3.4. GH-genes clustering in bacteria with high potential for carbohydrate deconstruction

I next focused on the 128 genomes most enriched in GH-genes (i.e., >130 GH-genes) (Figure 3, Supplementary Figure 3, and Supplementary Table 4). The genomes included some Streptomyces (n = 28), Paenibacillus (n = 26), and Bacteroides (n = 18). Some less abundant lineages with high potential for carbohydrate deconstruction were also identified (e.g., Actinoplanes derwentensis DSM43941, Mariniflexile sp. TRM1-10, and Paraprevotella xylaniphila YIT 11841) (Figure 3 and Supplementary Table 4). I manually retrieved the information about the environmental origin of these strains, and the environments were grouped into broad categories. For example, the genome from microbes derived from the human gut, feces, and mouth were all combined in the mammal gastro-intestine tract (i.e., mammal GIT) category (Figure 3 and Supplementary Table 4). The genomes with more scattered GH-genes were generally large genomes and were associated with a stable number of GH-genes, whereas the genomes with more clustered GH-genes had smaller genomes associated with a large but variable repertoire of GH-genes (Figure 3 and Supplementary Figure 3). In these genomes, the frequency of contiguous GH-genes (SSc = 1) was the most variable and ranged from < 20% to more than 60% of the GH-genes. The frequency of GH-genes with 1 < SSc ≤ 5 and 5 < SSc ≤ 10 displayed reduced variation (Figure 3). Interestingly, all the Bacteroides, derived from the mammal GIT, and the Flavobacteria, from aquatic environments and soil, had more than 50% of their GH-genes in clusters (SSc ≤ 5).

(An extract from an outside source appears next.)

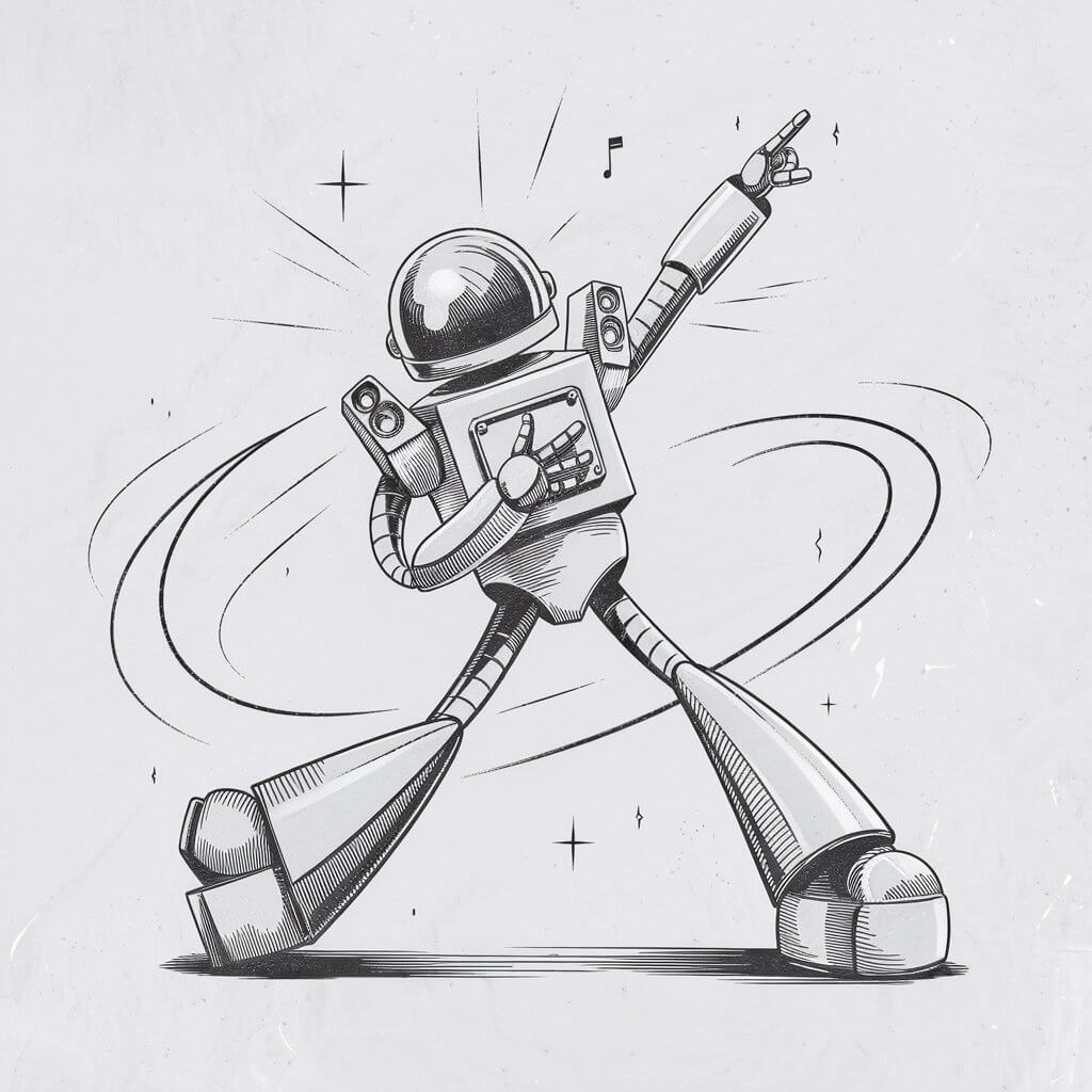 This robot’s built for beats. Surround it with floating musical notes or dancing birds.

On the contrary, most Streptomyces, from soil, displayed scattered GH-genes (Figure 3). Finally, Paenibacillus derived from multiple environments displayed intermediate GH-gene clustering. In this group, genomes from the GIT and biological fluids (i.e., milk) displayed more clustered GH-genes than genomes derived from soil and sediment (Figure 3). Finally, for each of these 128 genomes, I generated some random genomes (n = 5,000 iterations) with the same number of GH-genes and overall genome size. Regardless of the microbe's affiliation or environmental origin, the GH-genes in the actual genomes were systematically more clustered than their randomized counterpart (Figure 3). Thus, even in the most scattered genomes (e.g., Streptomyces), the co-localization of the GH-genes is not random thus suggesting that, to some degree, the clustering of GH-genes is an overarching theme affecting most bacterial lineages.

FIGURE 3

Figure 3. Frequency of GH-gene clusters, with SSc ranging from 1 to 10, in 128 selected bacteria with the highest potential for carbohydrate deconstruction (i.e., >130 identified GH-genes). Triangles represent the median value of 5,000 genome randomizations with the same number of PEGs and GH-genes. For detailed information about the strains, see Supplementary Table 4.

3.5. GH-genes colocalization with transporter genes

Finally, I identified and localized genes encoding potential transporters (i.e., MFS, ABC, PTS, and SUS) and analyzed their association with previously identified GH-genes in completely sequenced genomes. I used SSc ≤ 10 to identify the clustered distribution of transporter genes with GH-genes (GH:TR-clusters, Figure 4 and Supplementary Figure 4). Globally, 57.4% of the identified GH-genes were colocalized with at least one transporter gene. However, across lineages, the number of GH:TR-clusters (SSc ≤ 10) and the type of transporter (i.e., MFS, ABC, PTS, or SUS) were highly variable.

FIGURE 4

Figure 4. Distribution of GH-genes in GH:TR clusters or isolated in completely sequenced bacterial genomes (in gray) and in selected lineages with (A) reduced or (B) high potential for carbohydrate utilization. Frequency of the GH-genes in GH:TR clusters in 128 selected bacteria with the highest potential for carbohydrate deconstruction (i.e., > 130 identified GH-genes, C). For detailed information about the strains, see Supplementary Table 4.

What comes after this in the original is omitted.